Глава 1, в которой повествование возвращается вспять

   Прежде чем продолжить наш рассказ мы считаем уместным возвратиться немного назад, дабы объяснить недавнее поведение доктора Гаррисона; каким бы непоследовательным оно не казалось, его, если глубже вникнуть в причины, вполне можно согласовать со всеми правилами совершеннейшего благоразумия, равно как и высшей добродетели.

   Мы уже видели, в каком свете поведение Бута было представлено священнику во время его пребывания за границей. Разумеется отзывы о капитане, поступавшие как от викария, так и от жившего по соседству с Бутом джентльмена, были куда более резкими и неблагоприятными, нежели доктор Гаррисон счел необходимым изложить в письме самому обвиняемому. Однако его оценка поведения Бута явствовала из этого письма со всей очевидностью. Тем не менее, он решил все же повременить с приговором до своего возвращения в Англию и, хотя порицал Бута, все же не хотел осудить его, не удостоверясь во всем своими глазами.

   По возвращении в свой приход, пастор убедился, что многие свидетели подтверждали обвинения, звучавшие в письмах к нему за границу; самой суровой была жена викария, прежняя приятельница Амелии, даже и теперь прикидывавшаяся ее подругой.
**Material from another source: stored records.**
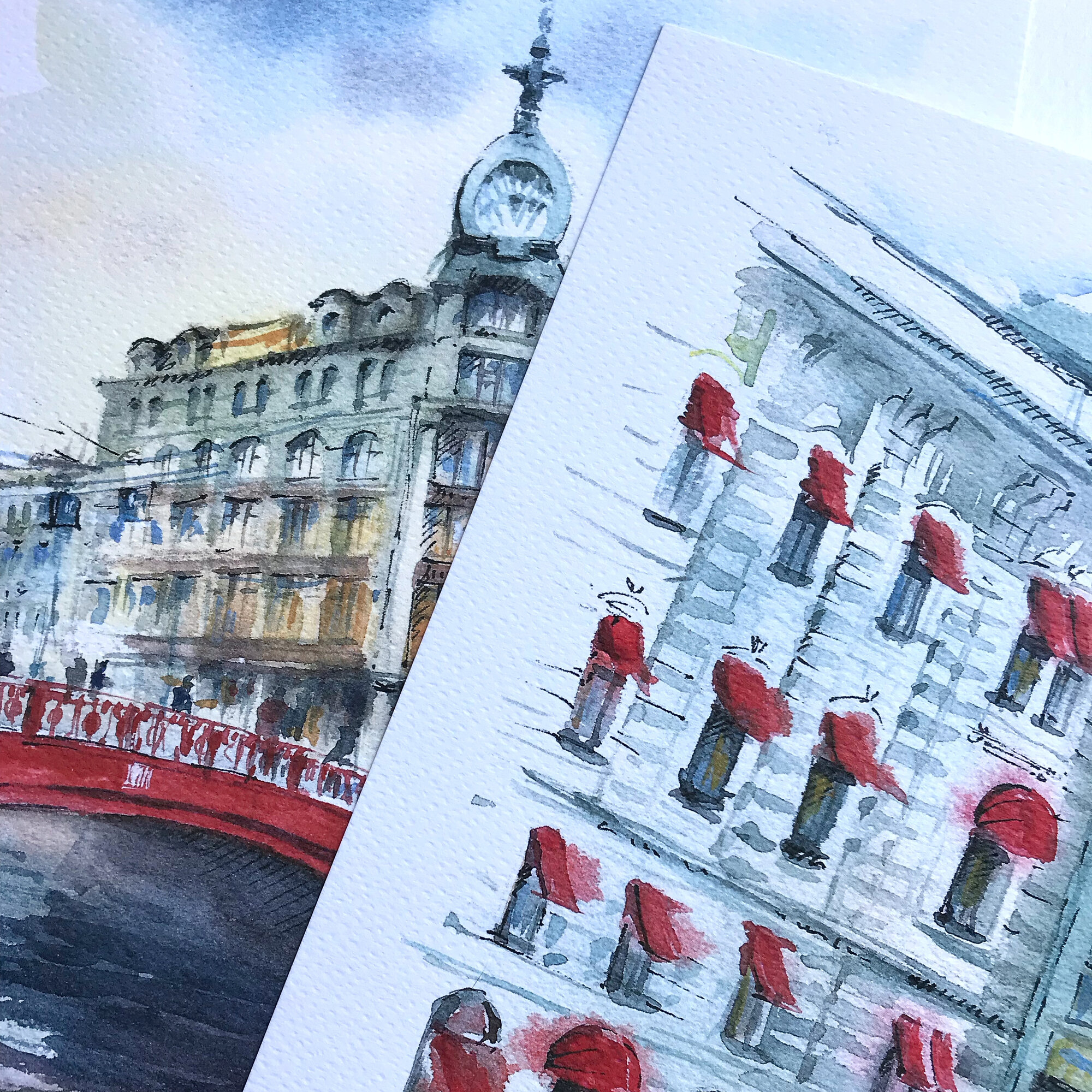 Постеры для интерьера от Alexandra Iv. ,"Санкт-Петербург. Графика", набор из 4 штук, формат А4
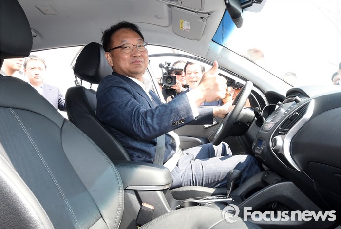 (광주=포커스뉴스) 유일호 부총리 겸 기획재정부 장관이 16일 지역전략산업 육성을 위한 규제프리존 도입과 관련 광주광역시를 첫 현장 방문, 그린카진흥원 수소융합스테이션에서 전기차를 시승하고 있다. <사진제공=기획재정부>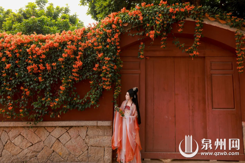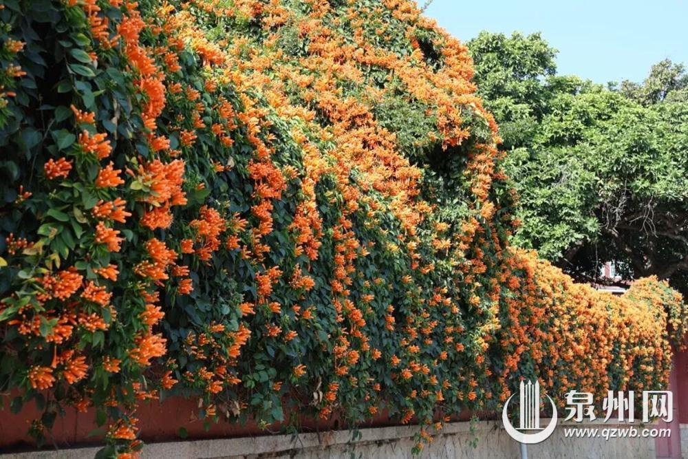 泉州网2月27日讯(融媒体记者王金植 通讯员赖淑玲 文/图)春意初绽,寒意未消。近期,一片惊艳的“橙红瀑布”正从洛江区万安街道桥南古街一侧的围墙上倾泻而下,数百串炮仗花热烈绽放,将建筑古迹装点成新春最亮眼的风景线。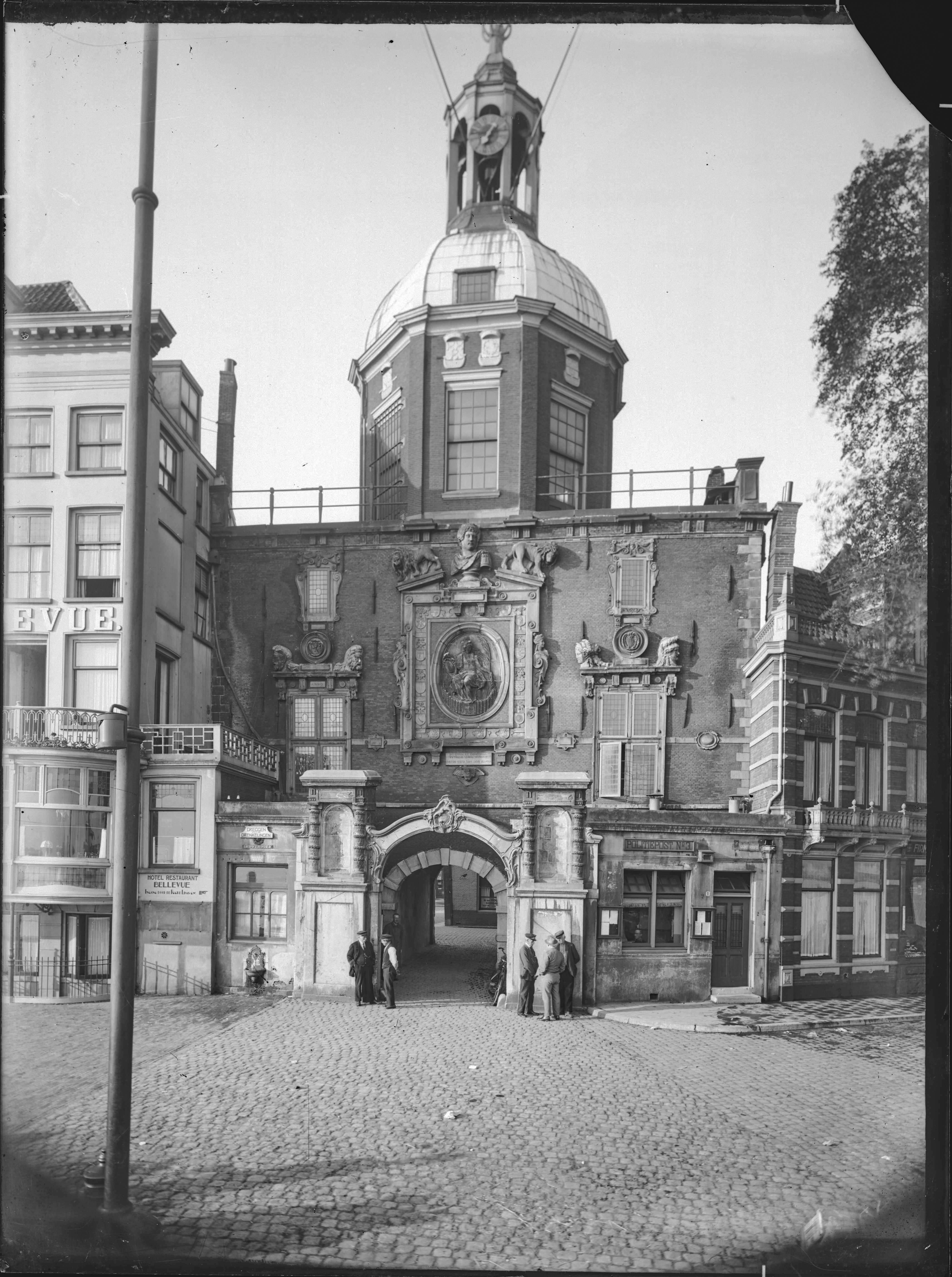 - Groothoofdspoort aan de rivierzijde. Links Hotel Bellevue, rechts van de poort een politiepost.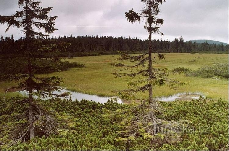 Krkonošské rašeliniště, které se nachází se v horské proláklině asi 1 km severně od vrcholu Černé hory. Jeho vznik datují odborníci do doby před přibližně 6000 lety. Na okraji rašeliništní louky s rozlohou cca 2,5 ha stojí vyhlídková věž. Okolo rašeliniště vede Naučná stezka.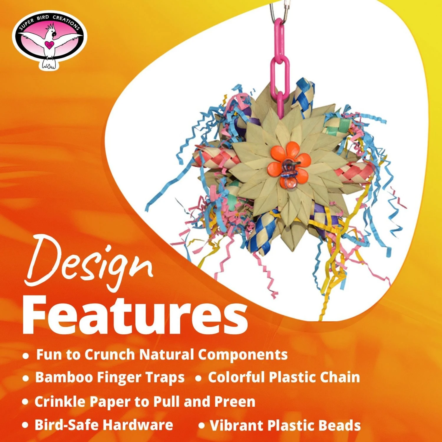 - Features crunchy palm leaf flowers, finger traps and colorful crinkle shred.
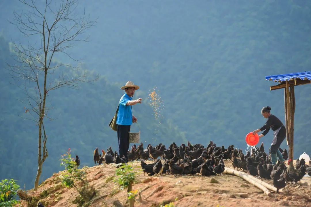 贵州省黔东南州剑河县,杨精泽(左)与村民在合作社里喂鸡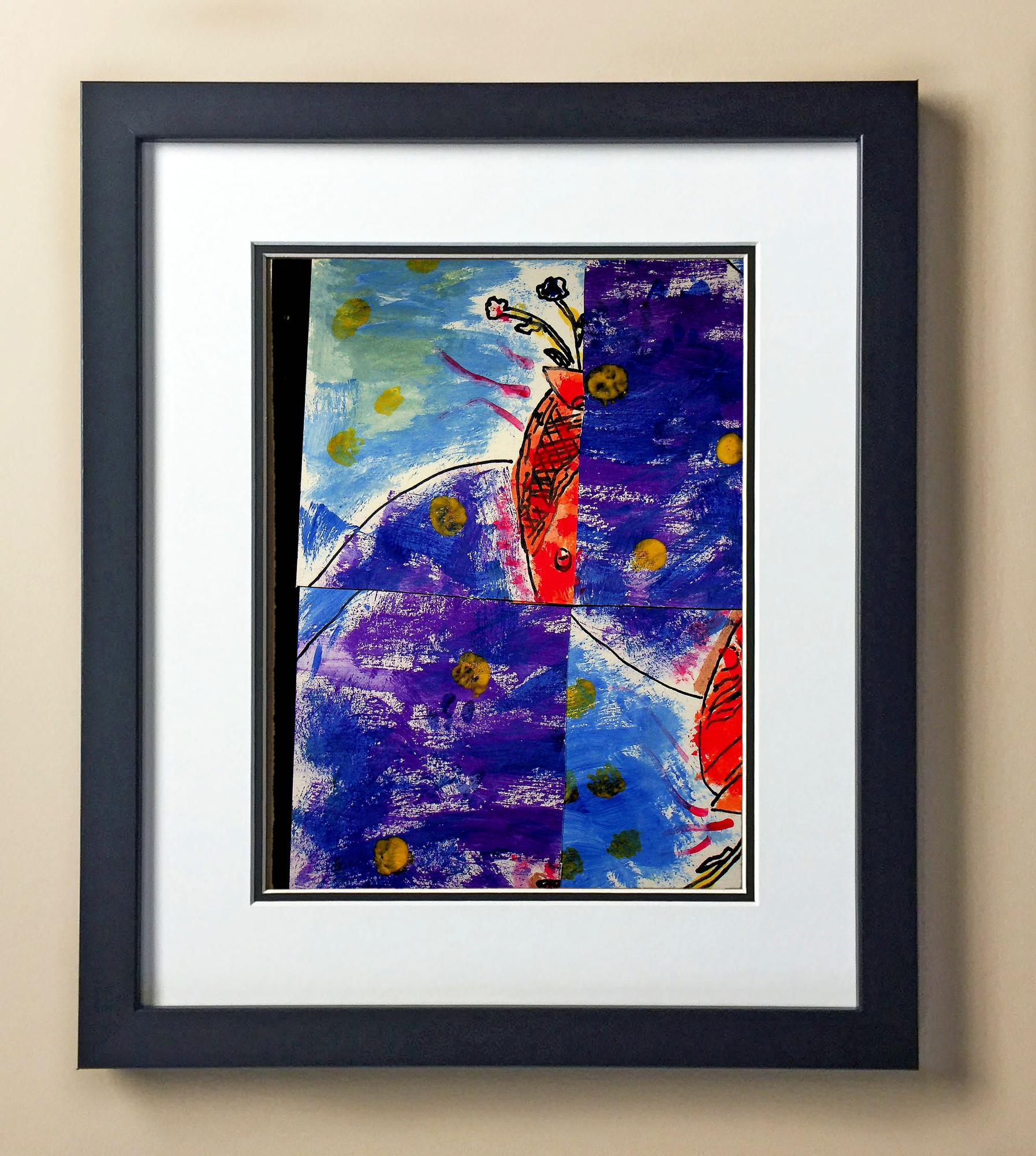 Included with the purchase is the Students Artwork, Frame, double matboard, shatter proof plexiglass, and a ready to hang backerboard with turnbuttons

Всякий раз она начинала с одного и того же предисловия: «Мне очень грустно об этом говорить, но меня побуждает к тому дружеский долг; вас следует поставить в известность обо всем для их собственной же пользы». И не было случая, чтобы после такого вступления она удержалась от какой-нибудь отвратительной клеветы и злобных нападок.

   Неудача, постигшая Бута в деревне, была в значительной мере следствием невезения (хотя, возможно, также в некоторой степени и неблагоразумия), однако связанные с ней подробности были представлены доктору в чрезвычайно недоброжелательном свете; кроме того, по всей округе по адресу Бута распространялись грубые и возмутительные небылицы, которые просто-напросто измышлялись его врагами и местом действия которых, поскольку Бут покинул эти места, служил Лондон.

   Наслушавшись всяческой клеветы, доктор приехал в Лондон, будучи уже достаточно предубежден против Бута и, узнав адрес Бута, отправился к нему с визитом. Таким образом, неизвестный, посетивший квартиру Бута в то время как сам он гулял с Амелией в Парке, был, разумеется, не кто иной, как доктор Гаррисон, и именно по поводу его визита, как читателю, возможно, угодно будет припомнить, строилось столько странных и самых неожиданных предположений.

   Здесь священник увидел маленькие золотые часы и все те милые безделушки, которые были подарены детям щедрым милордом и которые, как он заключил из ответов невежественной и недалекой девочки-служанки, были, без сомнения, куплены на днях Амелией.

   Такой вывод настолько совпадал с представлениями о мотовстве Бута, о котором доктор Гаррисон наслышался в деревне, что от твердо уверовал в то, что и муж, и жена – тщеславные и глупые люди, не заслуживающие ни малейшего снисхождения. Конечно, трудно было поверить, чтобы два разумных существа были способны на такое сумасбродство, однако увиденное священником – при всей чудовищности и нелепости – явно свидетельствовало против них.

   Доктор Гаррисон покинул их супружеский кров разъяренный своим мнимым открытием и, к несчастью для Бута, условился в тот же самый вечер поужинать с тем джентльменом, у которого Бут арендовал в деревне ферму. Случилось так, что речь зашла и о бедном капитане; это дало обоим повод обменяться мнениями на сей счет; рассказ священника о его недавнем визите в дом Бута до того разгневал джентльмена, которому Бут тоже остался должен, что он поклялся на следующее же утро вчинить против него иск и упрятать должника в тюрьму живым или мертвым; в конце концов он убедил и своего собеседника последовать его примеру. Они тотчас же послали за мистером Мэрфи, в присутствии которого доктор Гаррисон вновь описал все, что видел на квартире Бута, в качестве основания для возбуждения иска, о чем стряпчий, как мы уже знаем, проговорился Аткинсону.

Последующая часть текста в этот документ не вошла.